***** Stored data *****

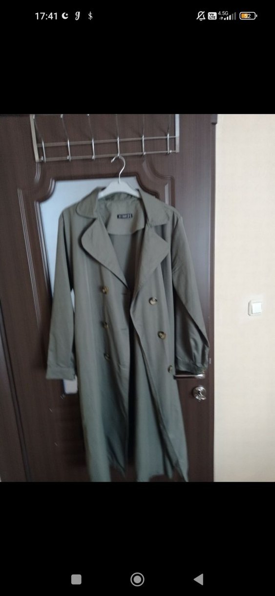 Gri renkte, uzun kesim ve düğmeli ön kısmı olan kadın trençkot. Sentetik kumaştan, regular fit ve desen içermeyen tasarıma sahiptir. ️
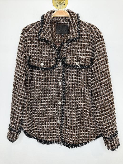 Animal Print Collarless Jacket with Silk + Wool + Gem Accents
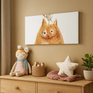 Das Leinwandbild „Paradoxe der Liebe“ zeigt eine charmante und humorvolle Szene, in der eine Maus auf dem Kopf einer Katze steht und ein rotes Herz in ihren Pfoten hält. Dieses in zarter Aquarelltechnik gemalte Motiv vermittelt sowohl die Wärme als auch den spielerischen Kontrast zwischen den natürlichen Antagonisten, die in dieser Komposition durch ein Gefühl der Freundschaft vereint sind.
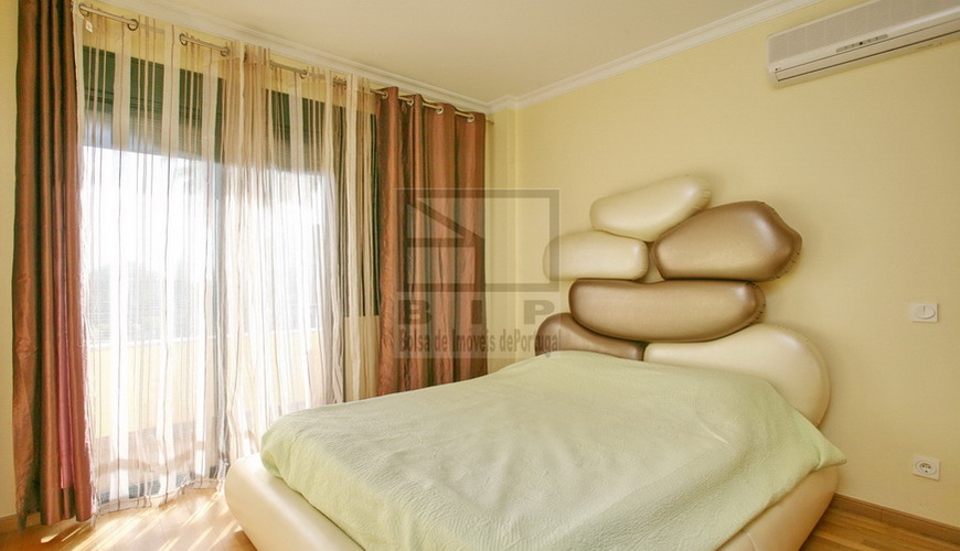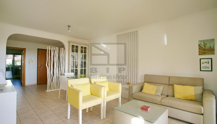 Este espaçoso apartamento tem diversas características que o distinguem tais como, estar situado num dos primeiros edifícios dos Terraços do pinhal e como tal não tem a vista obstruída, sendo mesmo possível ter uma vista longínqua do mar , beneficia de uma excelente exposição solar o que proporciona um ambiente com muita luminosidade no interior, tem uma varanda ampla equipada com uma barbecue com vista sobre o grande jardim e piscina e na cave tem dois lugares de estacionamento e uma arrecadação privada.
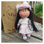 A boneca Mia e feita à mão em Espanha, pode ficar em pé e têm o corpo com membros dobráveis.
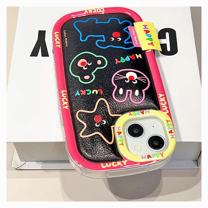 皮質彩色線條星星小狗適用蘋果15promax手機殼iphone14女款15pro新款13可愛創意個性12軟邊硬殼pro防摔11硅膠
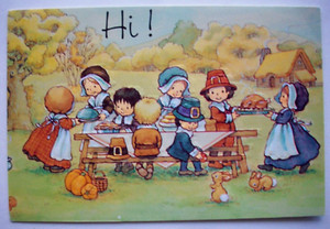 Pilgrim feast embossed vintage Thanksgiving Greeting card *PP4
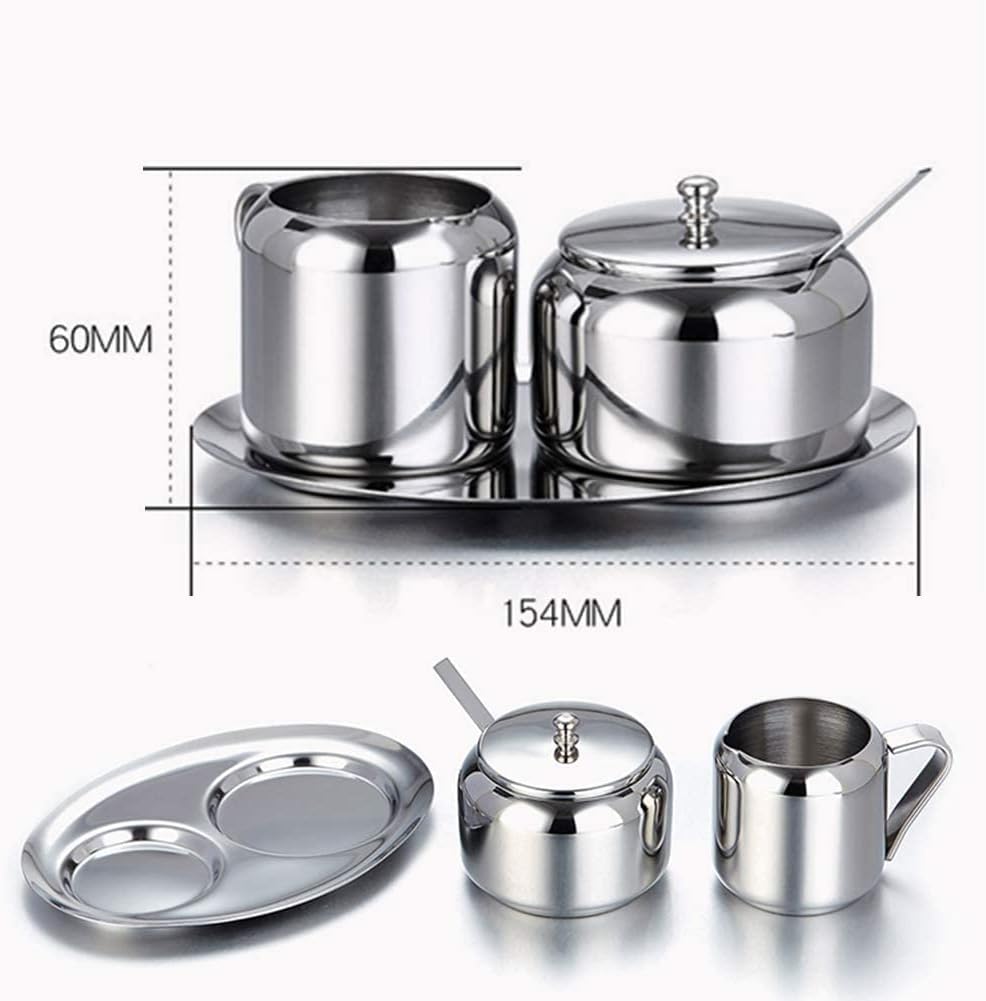 Milk and sugar set made of stainless steel, 3-partFor a beautifully laid tableIt consists of a milk jug and a sugar bowl in an elegant stainless steel chrome design.In addition to its functionality, it also convinces on the outside.Thanks to their simple construction and their distinctive shape, the milk jug and sugar bowl can be combined well with other dishes.These two accessories are the ultimate eye- on every coffee table. Try it!Box contain:- 1 milk can - 1 sugar bowl - 1 sugar spoon - 1 drawer
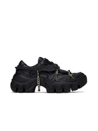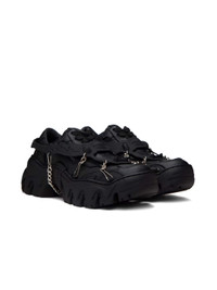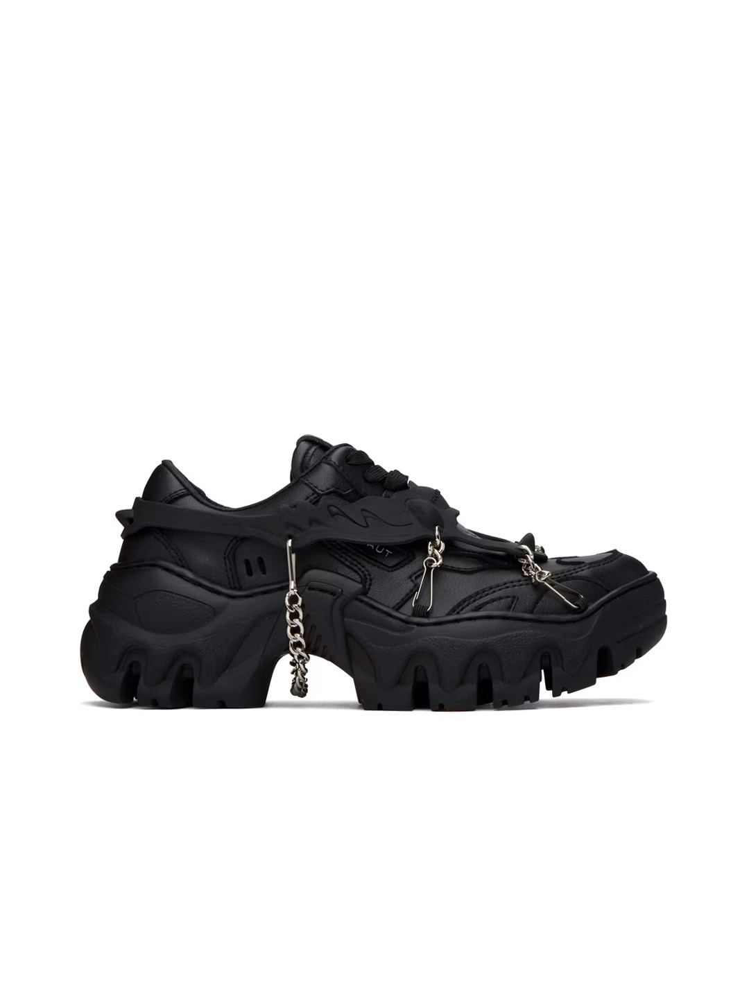 Handcrafted low-top paneled grained faux-leather sneakers in black. Detachable rubberized overlay with curb-chain accents. · Lace-up closure · Logo embossed at padded tongue and heel counter · Padded collar · Rubberized logo appliqué at outer side · Faux-leather lining · Treaded TPU platform rubber sole · Platform: H1.75 in · Upper: synthetic · Sole: thermoplastic polyurethane · Made in Portugal. • Size: IT 37 • Supplier color: Black beyond leather • Condition: Brand new with OG Box • MSRP: $470 USD Shipped worldwide via premium carriers (DHL Express, FedEx, UPS) within 48 hours after payment cleared. *Instruction for International Buyers: Estimated Delivery is about 5~10 days with Tracking Number. Standard shipping typically takes 5 business days for delivery after dispatch. Delivery times may vary based on the destination. Import duties, taxes, and charges are not included in the item price. #rombaut #matsrombaut #techwear #darkwear #avantgarde #luxury #blackaesthetics #ecoresponsible #veganleather #deibido
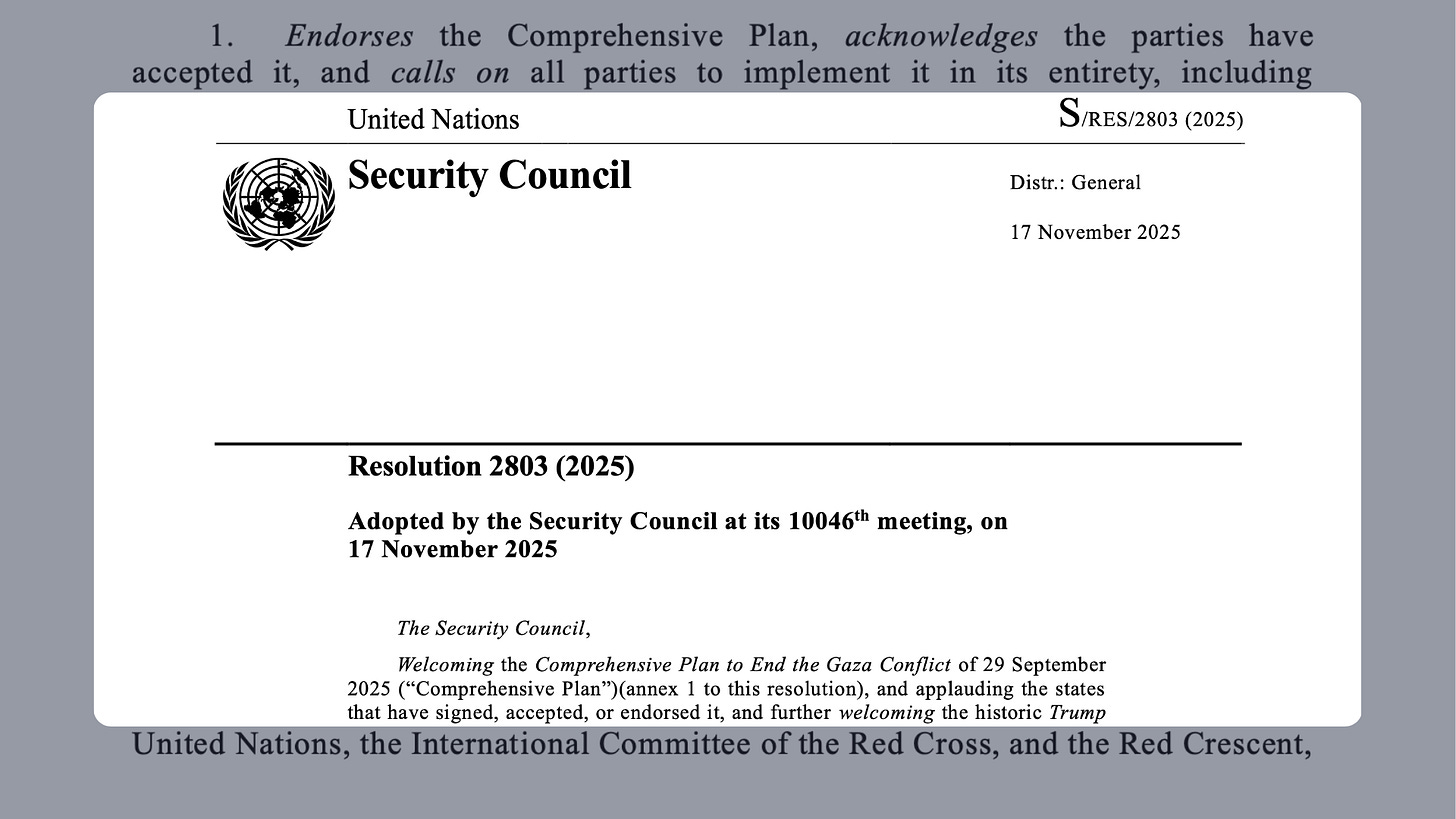 United Nations Security Council. Resolution 2803 (2025) Adopted by the Security Council at its 10046th meeting, on 17 November 2025.
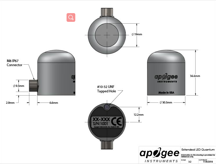 該傳感器的模擬版本 (SQ-640) 帶有內(nèi)聯(lián)電纜連接器,距離傳感器頭 30 厘米,可作為長電纜尾纖傳感器標(biāo)準(zhǔn)使用,或通過擰下連接器與我們的 microCache 藍(lán)牙微型記錄器一起使用,丟棄較長的電纜,然后將傳感器擰到 microCache 上的配合連接器上。
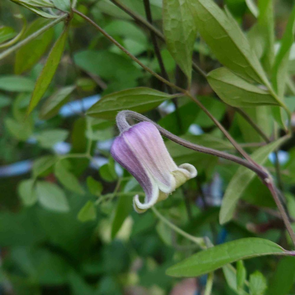 コレは残念ながら、ハッショウズルでは無いんです〜多分、藤かほり とか言う壺型クレマチスだったと思う〜ハッショウズルは我が家もあるけど、まだまだ咲いていません〜ちょっと一見似てるね😅
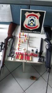 Após buscas realizadas no interior de um dos barracos, os agentes localizaram e apreenderam duas três armas de fogo tipo espingarda, calibre 22, além de munições intactas de vários calibres, bem como dois mosquetes de “espera” de animal silvestre.
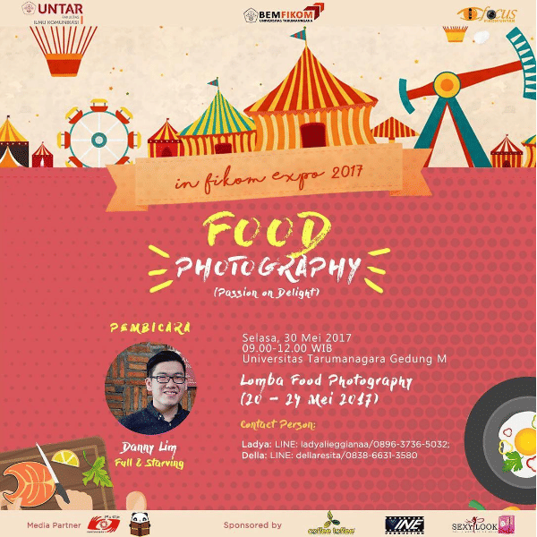 - Bidang Fotografi “Food Photography – Passion on Delight” akan menghadirkan Danny Lim dari Full & Starving.
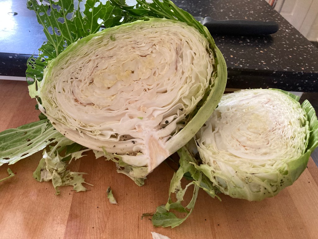 Back to the cabbage: the rabbit doesn’t seem to have eaten much. It looks like there were some caterpillars having their way with it – I’d noticed them chewing holes in the outer leaves over the weeks the plants grew but I decided to keep taking care of the plants and watch what happens. So I picked the cabbage yesterday:

*****

Give back exactly the lines above from the one with "該傳感器的模擬版本 (SQ-640) 帶有內(nèi)聯(lián)電纜連接器,距離傳感器頭" through the one with "コレは残念ながら、ハッショウ", both included. Pictures don't belong in the copy.

 該傳感器的模擬版本 (SQ-640) 帶有內(nèi)聯(lián)電纜連接器,距離傳感器頭 30 厘米,可作為長電纜尾纖傳感器標(biāo)準(zhǔn)使用,或通過擰下連接器與我們的 microCache 藍(lán)牙微型記錄器一起使用,丟棄較長的電纜,然后將傳感器擰到 microCache 上的配合連接器上。
 コレは残念ながら、ハッショウズルでは無いんです〜多分、藤かほり とか言う壺型クレマチスだったと思う〜ハッショウズルは我が家もあるけど、まだまだ咲いていません〜ちょっと一見似てるね😅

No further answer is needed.